Ectopic Cushing's syndrome from an ACTH-producing pheochromocytoma with a non-functioning pituitary adenoma

Abstract

Summary: An adrenocorticotropic hormone (ACTH)-producing pheochromocytoma (PCC)/paraganglioma is the cause of ectopic Cushing's syndrome (CS) in 5.2% of cases reported in the literature. We present a previously healthy 43-year-old woman admitted to our hospital with cushingoid features and hypertensive urgency (blood pressure = 200/120 mmHg). Her 24-h urinary free cortisol was >4270 nmol/day (reference range (RR) = 100-380 nmol/day) with a plasma ACTH of 91.5 pmol/L (RR: 2.0-11.5 pmol/L). Twenty-four-hour urinary metanephrines were increased by 30-fold. Whole-body CT demonstrated a 3.7-cm left adrenal mass with a normal-appearing right adrenal gland. Sellar MRI showed a 5-mm sellar lesion. MIBG scan revealed intense uptake only in the left adrenal mass. She was managed pre-operatively with ketoconazole and phenoxybenzamine and underwent an uneventful left laparoscopic adrenalectomy, which resulted in biochemical resolution of her hypercortisolemia and catecholamine excess. Histology demonstrated a PCC (Grading System for Adrenal Pheochromocytoma and Paraganglioma score 5) with positive ACTH staining by immunohistochemistry. A PCC gene panel showed no mutations and there has been no evidence of recurrence at 24 months. This case highlights the difficult nature of localizing the source of CS in the setting of a co-existing PCC and sellar mass.

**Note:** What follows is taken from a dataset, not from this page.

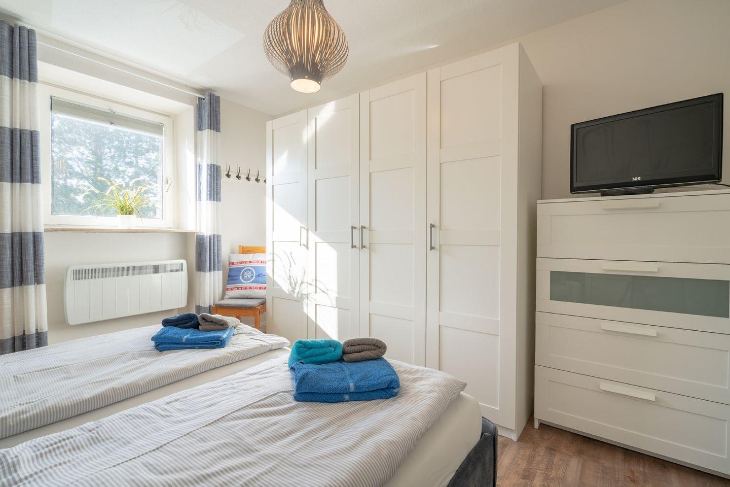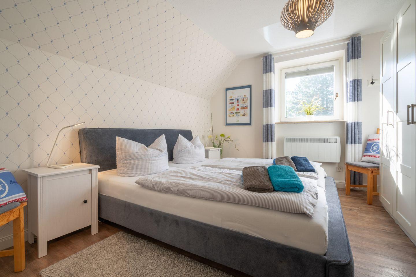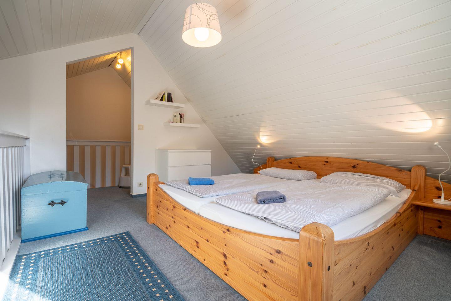 Die Ferienwohnung bietet zwei Schlafzimmer, wobei sich eines auf der offenen Schlafempore befindet. Ein Duschbad sowie ein schöner Balkon gehören ebenfalls zur Ausstattung. Eine Waschmaschine steht den Gästen zur Verfügung.

Learning points: An adrenocorticotropic hormone (ACTH)-producing pheochromocytoma (PCC) is an important item to be considered in all patients presenting with ectopic Cushing's syndrome (CS). In exceptionally rare cases, patients with ectopic CS may present with multiple lesions, and a systematic approach considering all potential sources is crucial to avoid misdiagnosis. CS with a large adrenal mass but lacking contralateral adrenal atrophy should raise suspicion of an ACTH-dependent process. In patients with clinical suspicion of PCC, clinicians should be mindful of the use of steroids and beta-blockers without appropriate alpha blockade as they may precipitate an adrenergic crisis.

Figure 1

Axial CT image demonstrating a 3.7-cm left-sided adrenal mass; note lack of contralateral adrenal atrophy.

Figure 2

Coronal CT image demonstrating the left-sided adrenal mass.

Figure 3

Anterior MIBG image revealing uptake in the left adrenal gland.

Figure 4

Posterior MIBG image revealing uptake in the left adrenal gland.

Figure 5

Gross specimen of the left adrenal gland and pheochromocytoma with homogenous tan-pink cut surface (A) (2.0 cm scale bar). (B) The interface between adjacent bright-yellow adrenal cortex and pheochromocytoma (1.0 cm scale bar).

Figure 6

(A and B) Microscopy showing a classical appearance of pheochromocytoma with Zellballen architecture comprised large cells with granular amphophilic cytoplasm. Mitoses were readily identifiable (B, circle) (8/10 HPF) without atypical forms. Lesional cells showed ACTH expression by immunohistochemistry (B, insert) (magnification A ×200, B ×400).